Layer 2 Failure Detection
Some layer 2 protocols have their own keepalives like Frame Relay and PPP. This
post only looks at Ethernet.
UDLD
- Detects one-way connections due to hardware failure
- Detects one-way connections due to soft failure
- Detects miswiring
- Runs on any single Ethernet link even inside a bundle
- Typically centralized implementation
UDLD is not a fast protocol. Detecting a failure can take more than 20 seconds so
it shouldn’t be used for fast convergence. There is a fast version of UDLD but this
still runs centralized so it does not scale well and should only be used on a select
few ports. It supports sub second convergence.
Spanning Tree Bridge Assurance
- Turns STP into a bidirectional protocol
- Ensures spanning tree fails “closed” rather than “open”
- If port type is “network” send BPDU regardless of state
- If network port stops receiving BPDU it’s put in BA-inconsistent state
Bridge Assurance (BA) can help protect against bridging loops where a port becomes
designated because it has stopped receiving BPDUs. This is similar to the function
of loop guard.
LACP
It’s not common knowledge that LACP has builtin mechanisms to detect failures.
This is why you should never hardcode Etherchannels between switches, always
use LACP. LACP is used to:
- Ensure configuration consistence across bundle members on both ends
- Ensure wiring consistency (bundle members between 2 chassis)
- Detect unidirectional links
- Bundle member keepalive
LACP peers will negotiate the requested send rate through the use of PDUs.
If keepalives are not received a port will be suspended from the bundle.
LACP is not a fast protocol, default timers are usually 30 seconds for keepalive
and 90 seconds for dead. The timer can be tuned but it doesn’t scale well if you
have many links because it’s a control plane protocol. IOS XR has support for
sub second timers for LACP.
Layer 3 Failure Detection
There are plenty of protocol timers available at layer 3. OSPF, EIGRP, ISIS,
HSRP and so on. Tuning these from their default values is common and many of
these protocols support sub second timers but because they must run to the
RP/CPU they don’t scale well if you have many interfaces enabled. Tuning these
timers can work well in small and controlled environments though. These are
some reasons to not tune layer 3 timers too low:
- Each interface may have several protocols like PIM, HSRP, OSPF running
- Increased supervisor CPU utilization leading to false positives
- More complex configuration and bandwidth wasted
- Might not support ISSU/SSO
BFD
Bidirectional Forwarding Detection (BFD) is a lightweight protocol designed to
detect liveliness over links/bundles. BFD is:
- Designed for sub second failure detection
- Any interested client (OSPF, HSRP, BGP) registers with BFD and is notified when BFD detects loss
- All registered clients benefit from uniform failure detection
- Uses UDP port 3784/3785 (echo)
Because any interested protocol can register with BFD there are less packets
going across the link which means less wasting of bandwidth and the packets
are also smaller in size which reduces this even more.
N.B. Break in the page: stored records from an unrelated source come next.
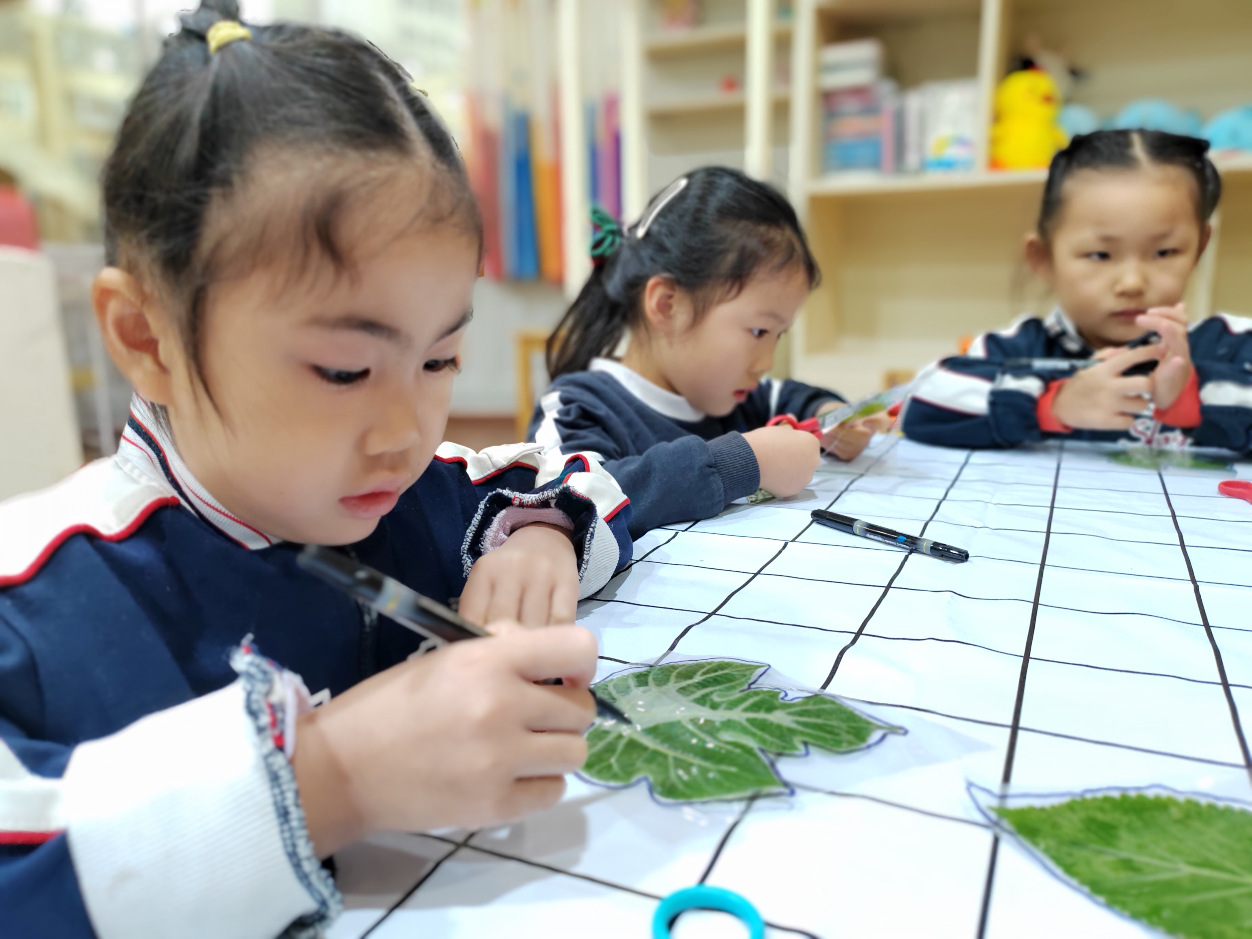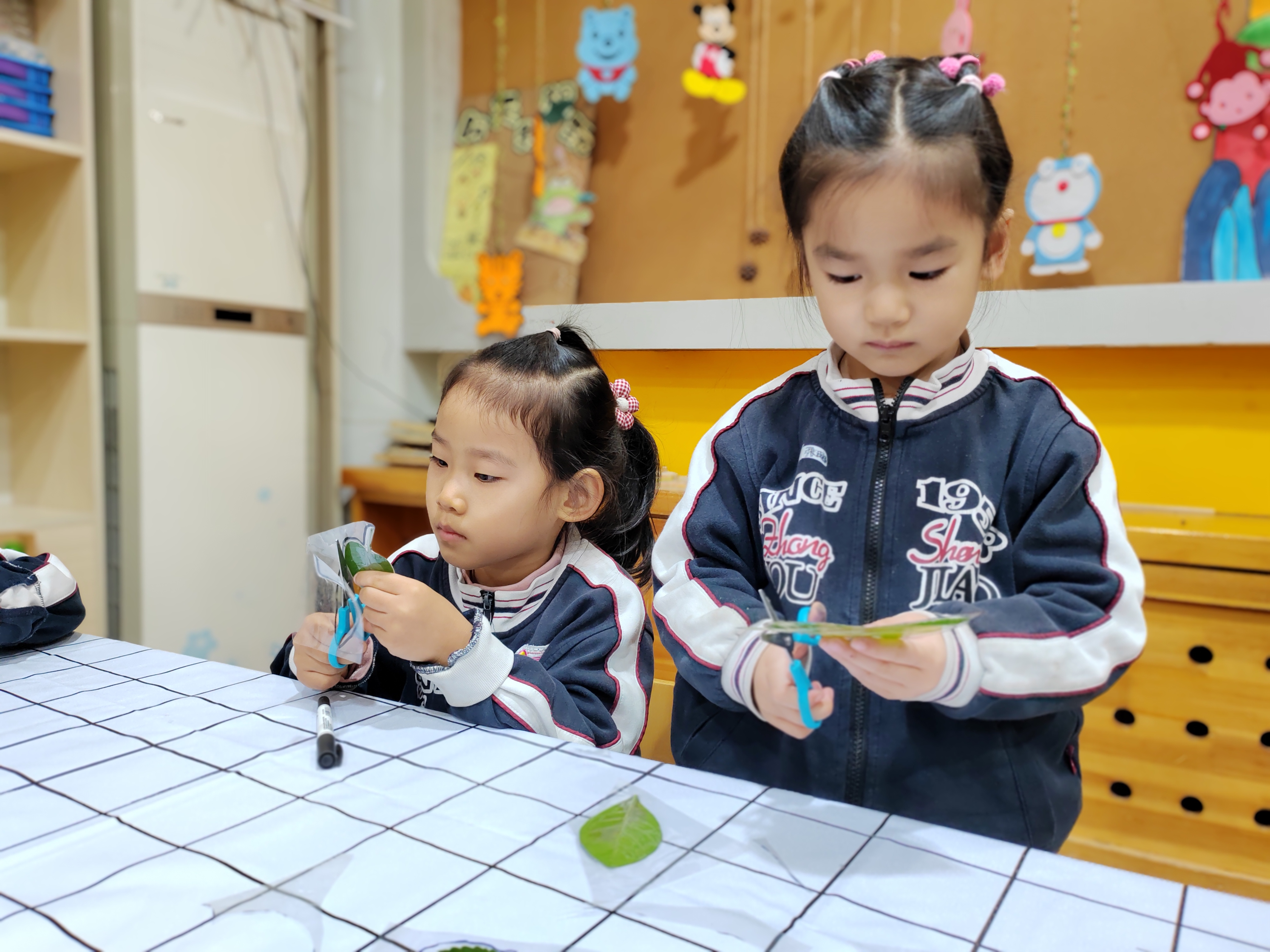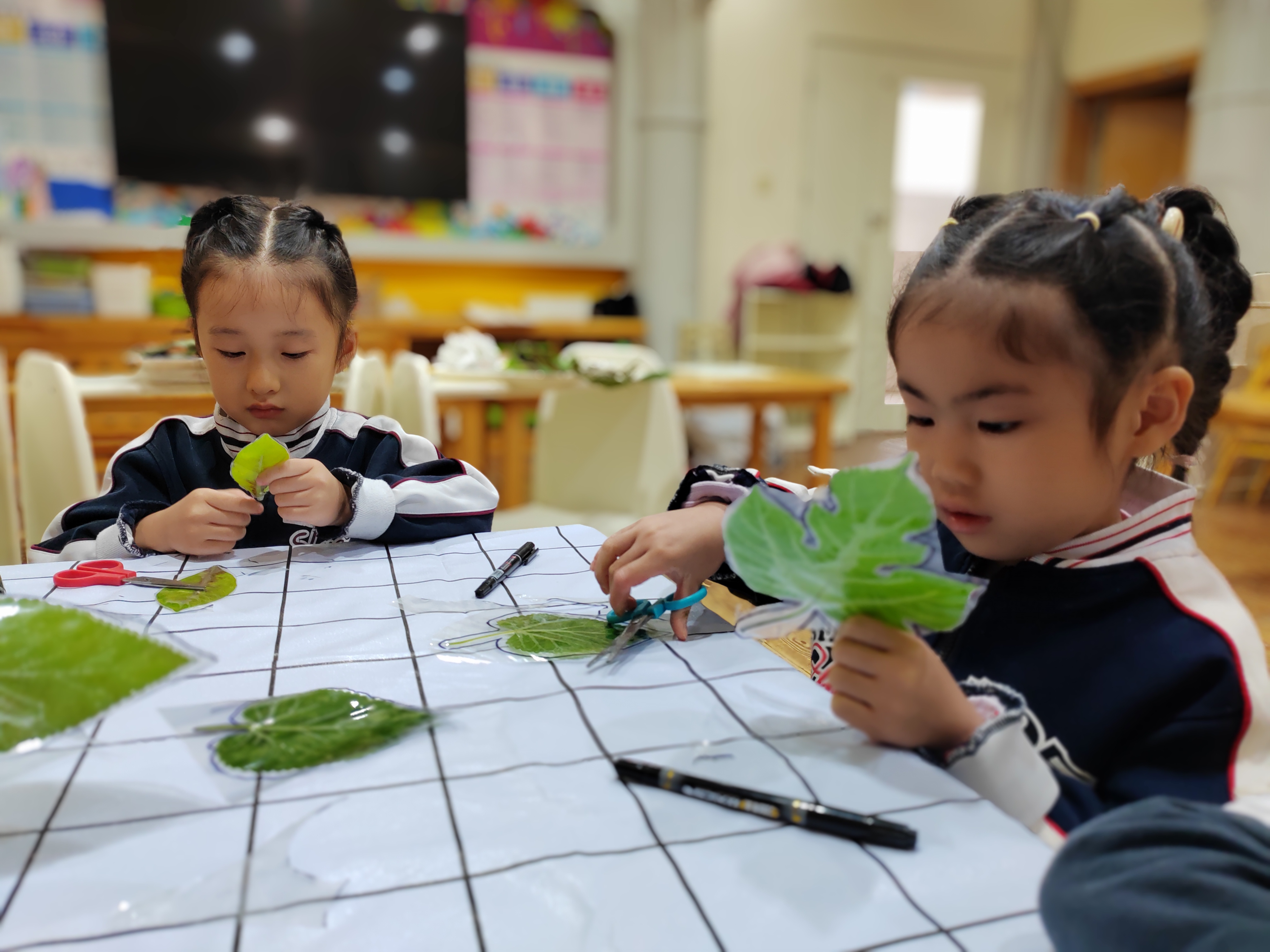塑封机温度有点高,在老师的帮助下叶子塑封好啦,哇,漂亮的叶子被密封在里面,接着小朋友用记号笔给树叶描边。
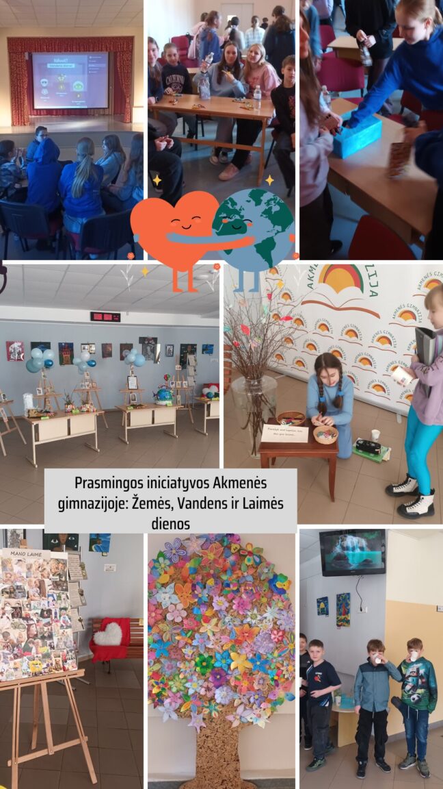 Kovo 20-ąją Akmenės gimnazijoje buvo minimos net kelios prasmingos dienos – Pasaulinė Žemės, Vandens ir Laimės diena. Bendruomenė buvo pakviesta pasipuošti mėlynu akcentu, simbolizuojančiu vandenį. Informaciniai stendai priminė apie vandens svarbą žmogaus organizmui. Neapsieita ir be gardžių skonių – visi galėjo paragauti sulos bei vaisiais ir daržovėmis pagardinto vandens. Skambant raminančiai vandens čiurlenimo melodijai, grožėjomės pradinių klasių mokinių kūrybinių darbų paroda, skirta Žemės dienai, sėdėjome ant „Laimės suolelio“, ieškojome žodžių laimei apibūdinti, klijavome laimės koliažą. Visos veiklos gimnazijoje kvietė stabtelėti ir pagalvoti apie laimę bei gerą savijautą.
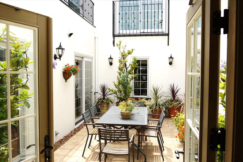 土の庭では雑草の管理が大変ですが、タイルの庭ではその手間をほぼなくすことができるでしょう。

Many platforms also support offloading BFD to line cards which means that the
CPU does not get increased load when BFD is enabled. It also supports ISSU/SSO.
BFD negotiates the transmit and receive interval. If we have a router R1
that wants to transmit at 50 ms interval but R2 can only receive at 100 ms
then R1 has to transmit at 100ms interval.
BFD can run in asynchronous mode or echo mode. In asynchronous mode the BFD
packets go to the control plane to detect liveliness. This can also be combined
with echo mode which sends a packet with a source and destination IP of the
sending router itself. This way the packet is looped back at the other end
testing the data plane. When echo mode is enabled the control plane packets
are sent at a slower pace.
Link bundles
There can be challenges running BFD over link bundles. Due to CEF polarization
control plane/data plane packets might only be sent over the same link. This
means that not all links in the bundle can be properly tested. There is
a per link BFD mode but it seems to have limited support so far.
Event Driven vs Polled
Generally event driven mechanisms are both faster and scale better than polling
based mechanisms of detecting failure. Rely on event driven if you have the option
and only use polled mechanisms when neccessary.
Conclusion
Detecting a network failure is a very important part of network convergence. It
is generally the step that takes the most time. Which protocols to use depends
on network design and the platforms used. Don’t enable all protocols on a link
without knowing what they actually do. Don’t tune timers too low unless you
know why you are tuning them. Use BFD if you can as it is faster and uses
less resources. For more information refer to BRKRST-2333.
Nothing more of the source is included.